By Wilfredo “Wil” Rojas, M.Ed. | Guest Blogger AC JosepH Media

On Monday, June 1, 1,000 people filled a designated area in James Atkinson Park in Sewell, located in Gloucester County for what was called “Gloucester County NAACP Candlelight Vigil” in memory of George Floyd, the 46-year-old black man who died in the hands of police in Minneapolis, and other black men who suffered the same fate in cities and towns across our nation.

Folks of diverse ethnicities, races, genders, and ages traveled from far and near to participate in this historic event. Many arrived early to secure a good parking spot near the stage and those who arrived later were met with a long line of cars pulling into the park.
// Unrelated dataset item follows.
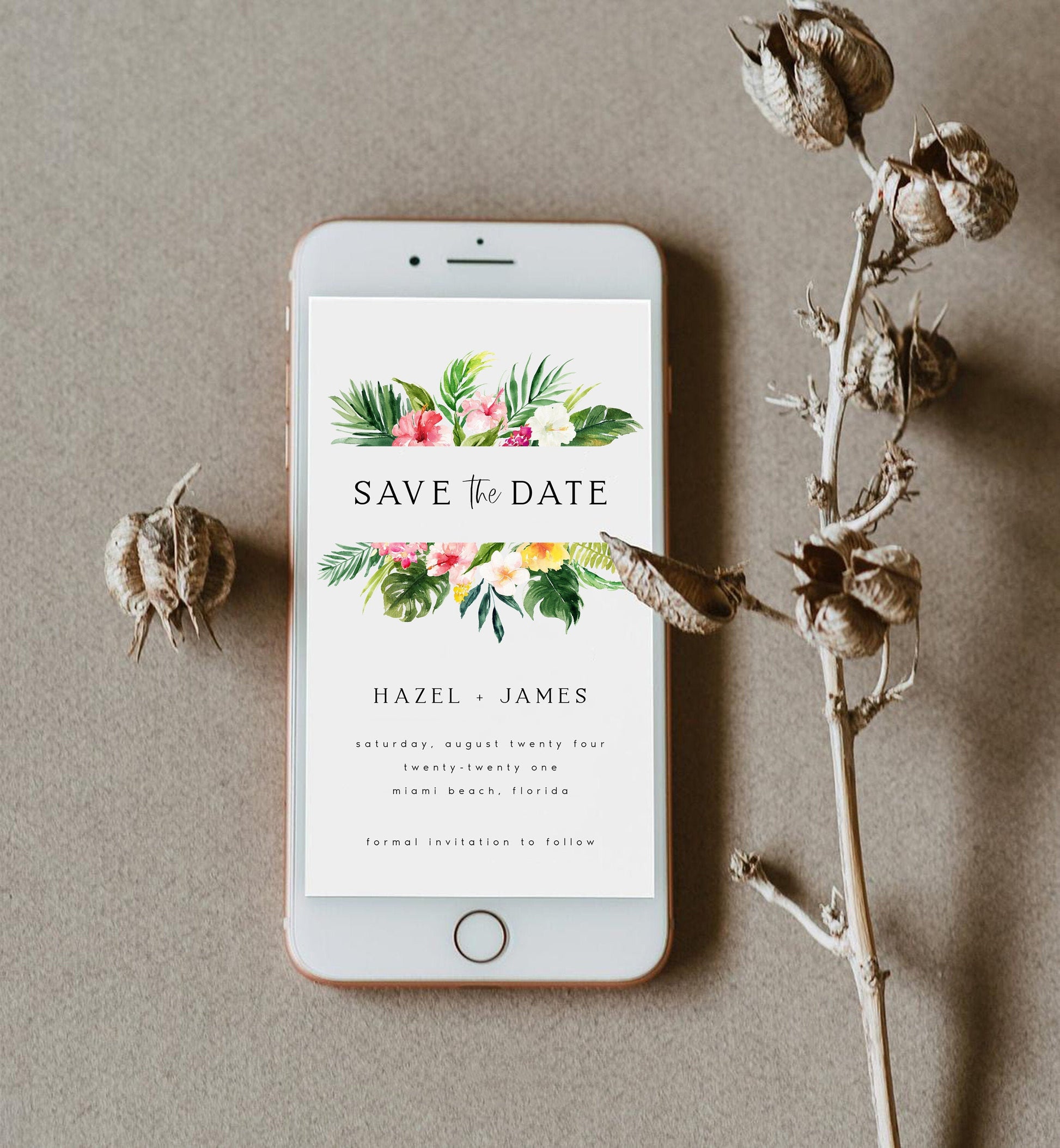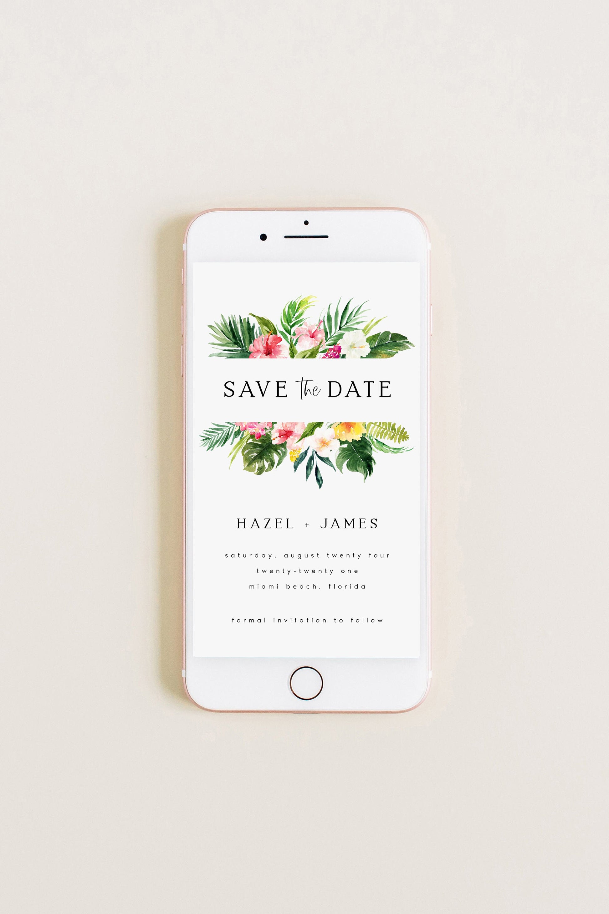 Tropical Save the Date Evite Template, Beach Wedding Digital Invite, Electronic Save the Date, Greenery & Pink Save the Date Evite, Instant Download Save the Date Evite, DIY Save the Date Evite.

The event was hastily organized at the initiative of Loretta Winters, the charismatic long-time serving president of the Gloucester County NAACP, which managed to mobilize the support of numerous government entities, including police, public schools, mayors, also faith-based leaders, school and college students, civil rights groups, sensible gun control groups, like Moms Demand Action, National Homicide Justice Alliance, and other individuals and groups of good conscious.

That event was testimony to the solidarity that important sectors among New Jerseyans can offer to the effort for police accountability and racial hatred that grips our nation today if there is an organization that stimulates and mobilizes them. That task was performed by the Gloucester County NAACP, which has cemented a strong working relationship in practically all communities where people of color live.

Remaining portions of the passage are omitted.